This facilitates exploration and reconciliation of issues such as the authors appearing under several names, for example Peter Jaeger and Peter Jäger in the results shown above.


One potential problem with the data is simply that there can be too much of it. We have seen one use of FP, fixed predicate, already in our queries. This is how we restricted the range of years in the results by specifying &FP-bib.year=2004-2010. We can filter on any term with a fixed value, such as year, using FP.

To restrict a calculated value, we have to use AP, for aggregated predicate. In our example the material citations count is a calculated value. Hence to filter on this field we will have to use AP not FP. Therefore if we repeat the query above, but show only authors who have provided five or less specimen citations, we would add &AP-matCit.specimenCount=-5 to the query.

http://plazi.cs.umb.edu/GgServer/srsStats/stats?outputFields=bib.author+bib.year+matCit.specimenCount&FP-bib.year=2004-2010&groupingFields=bib.author+bib.year&orderingFields=bib.author&AP-matCit.specimenCount=-5&format=json

<{"labels": {
"DocCount": "Number of Treatments",
"BibAuthor": "Document Author",
"BibYear": "Year of Publication",
"MatCitSpecimenCount": "Specimen Count (overall)"
},
"data": [
{
"DocCount": "2",
"BibAuthor": "Alec B. M. Moore",
"BibYear": "2007",
"MatCitSpecimenCount": "2"
},
{
"DocCount": "2",
"BibAuthor": "Anthony C. Gill",
"BibYear": "2006",
"MatCitSpecimenCount": "2"
},
{
"DocCount": "2",
"BibAuthor": "Benjamin C. Victor",
"BibYear": "2007",
"MatCitSpecimenCount": "2"
},
{
"DocCount": "4",
"BibAuthor": "Bernard Séret",
"BibYear": "2007",
"MatCitSpecimenCount": "4"
},
{
"DocCount": "2",
"BibAuthor": "Bezděčka, P.",
"BibYear": "2009",
"MatCitSpecimenCount": "2"
},
…

Perhaps it is more useful to restrict the query to authors who have contributed 20 or more specimen citations.

http://plazi.cs.umb.edu/GgServer/srsStats/stats?outputFields=bib.author+bib.year+matCit.specimenCount&FP-bib.year=2004-2010&groupingFields=bib.author+bib.year&orderingFields=bib.author&AP-matCit.specimenCount=20-&format=json

{"labels": {
"DocCount": "Number of Treatments",
"BibAuthor": "Document Author",
"BibYear": "Year of Publication",
"MatCitSpecimenCount": "Specimen Count (overall)"
},
"data": [
{
"DocCount": "23",
"BibAuthor": "Alexandre C. Ribeiro",
"BibYear": "2007",
"MatCitSpecimenCount": "23"
},
{
"DocCount": "754",
"BibAuthor": "Alexandre P. Marceniuk",
"BibYear": "2007",
"MatCitSpecimenCount": "754"
},
{
"DocCount": "24",
"BibAuthor": "Alexandre Scharcansky",
"BibYear": "2007",
"MatCitSpecimenCount": "24"
},
{
"DocCount": "313",
"BibAuthor": "Alfred W. Thomson",
"BibYear": "2006",
"MatCitSpecimenCount": "313"
},
{
"DocCount": "52",
"BibAuthor": "Anton Lamboj",
"BibYear": "2004",
"MatCitSpecimenCount": "52"
},
{
"DocCount": "26",
"BibAuthor": "Anton Lamboj",
"BibYear": "2005",
"MatCitSpecimenCount": "26"
},
{
"DocCount": "43",
"BibAuthor": "Barry Chernoff",
"BibYear": "2005",
"MatCitSpecimenCount": "43"
},
…

Having explored some of the possibilties on getting statistical data out of GoldenGATE, we will next consider how to view the data.


Data visualisation in practice

The query results can be viewed in the data visualisation component, developed alongside the goldenGATE query component.

Overloaded chart with too many authors to show

The chart shows what happens when too much data is presented for visualisation.
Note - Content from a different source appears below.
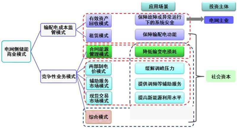 我國電網(wǎng)側(cè)儲能尚缺乏成熟的商業(yè)模式,結(jié)合中國政策要求和電力體制改革情況,考慮投資主體、投資回收機(jī)制、業(yè)務(wù)監(jiān)管機(jī)制等因素,電網(wǎng)側(cè)儲能的潛在商業(yè)模式可分為輸配電成本監(jiān)管模式和競爭性業(yè)務(wù)模式兩大類。輸配電成本監(jiān)管模式適用于保障故障或異常運(yùn)行下的系統(tǒng)安全和保障輸配電功能兩類場景的電網(wǎng)側(cè)儲能應(yīng)用,按照投資回收方式不同,該商業(yè)模式又可細(xì)分為有效資產(chǎn)回收模式和租賃模式。有效資產(chǎn)回收模式由于資產(chǎn)要進(jìn)入輸配電價核算,因此只能由業(yè)務(wù)受到監(jiān)管的電網(wǎng)主業(yè)投資;租賃模式可由社會資本投資,但租賃費(fèi)用由價格主管部門負(fù)責(zé)核定和監(jiān)管。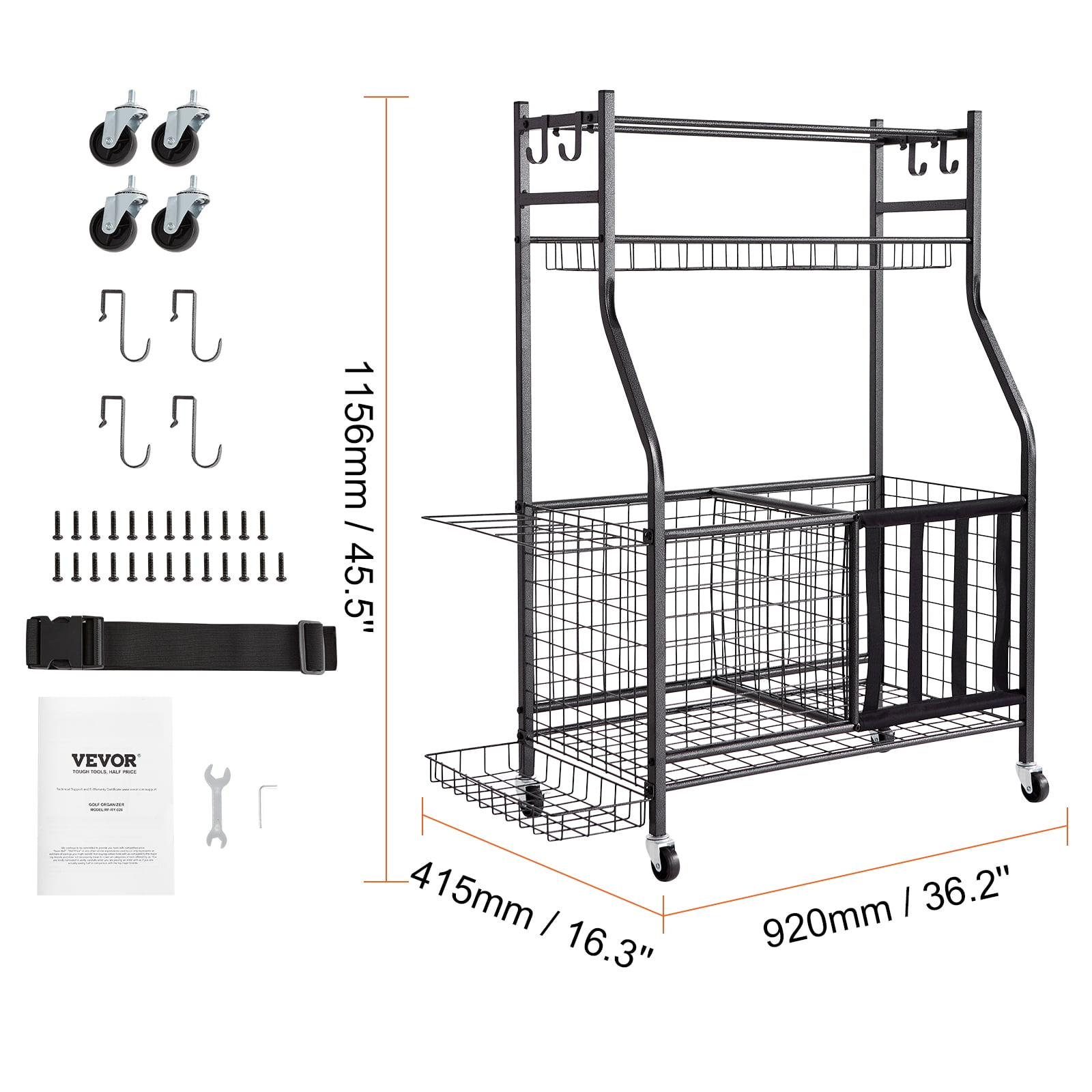$60.19Product Description Multifunctional Sports Equipment Garage Organizer Dedicated to providing sports enthusiasts with storage solutions for their equipment, aiming to achieve an effortless indoor and outdoor organizing experience. Ideal for every physical trainer, professional coach, and anyone organizing sports equipment, offering the best solutions. Multifunctional This sports garage organizer comes with a variety of accessories. All these storage accessories help to keep your sports equipment organized, ensuring your items are neatly arranged and truly saving space. Humanized Design Detachable hooks enhance storage space and methods; the new side shelf makes it easy to place various rackets and clubs; elastic bands maximize the storage space of the sports storage cart, making it easier to access items at the bottom; lockable wheels meet your needs for mobility. Sturdy and Durable Material This sports gear storage organizer is made from heavy-duty powder-coated steel frames and heavy metal wire mesh, durable and wear-resistant for many years of use. Scratch-resistant textured paint, waterproof, rustproof, and resistant to scratches, ensuring a longer-lasting storage solution. Suitable for More Settings This practical sports equipment is perfect for organizing items in gyms, schools, and any sports venues, easily keeping your space tidy and organized. Easy to Install Its simple structure and instructions make this garage toy storage organizer easy to install, with all necessary accessories included, offering straightforward and efficient assembly. Wheels with Brakes Features 4 universal wheels that can rotate 360°, allowing you to easily move it anywhere. 2 wheels are lockable. Perfect for both indoor and outdoor use, eliminating the hassle of organizing equipment after sports, letting you fully enjoy your activities. Specifications Item Model Number: RF-RY-028 Main Material: Q235 Product Weight: 8.4 kg / 18.51 lbs Product Dimensions (LxWxH): 920x415x1156 mm / 36.2×16.3×45.5 inches Package Content 1 x Sports Equipment Garage Organizer 1 x Set of Accessories

In this case, we are showing authors’ specimen contributions by year. However, the result is too overloaded to be readily comprehensible. A key part of data visualisation is understanding your data.

As we have seen it is possible to restrict the amount of data returned by a query. However, that approach to filtering data throws away the data that is not selected. Hence, if we select only the ten most prolific authors, we would lose sight of all the other authors.

The solution is to make use of the filtering we have provided in the data visualisation component.

Reasonable chart with sufficient authors to show

In this chart there are only 20 entries shown: 19 individual authors with the remaining authors aggregated as Other.

This demonstrates that often, data visualisation has to be an interactive process in which you continually ask, “So what? What is this data telling me?”


Conclusion

This document has introduced you to the queries available to extract statistical data from GoldenGATE. The output from these queries can be used in the data visualisation component to produce charts.

Final note, as might be expected with these two components being the product of a hackathon, even a generously week-long hackathon, they are capable of development and refinement.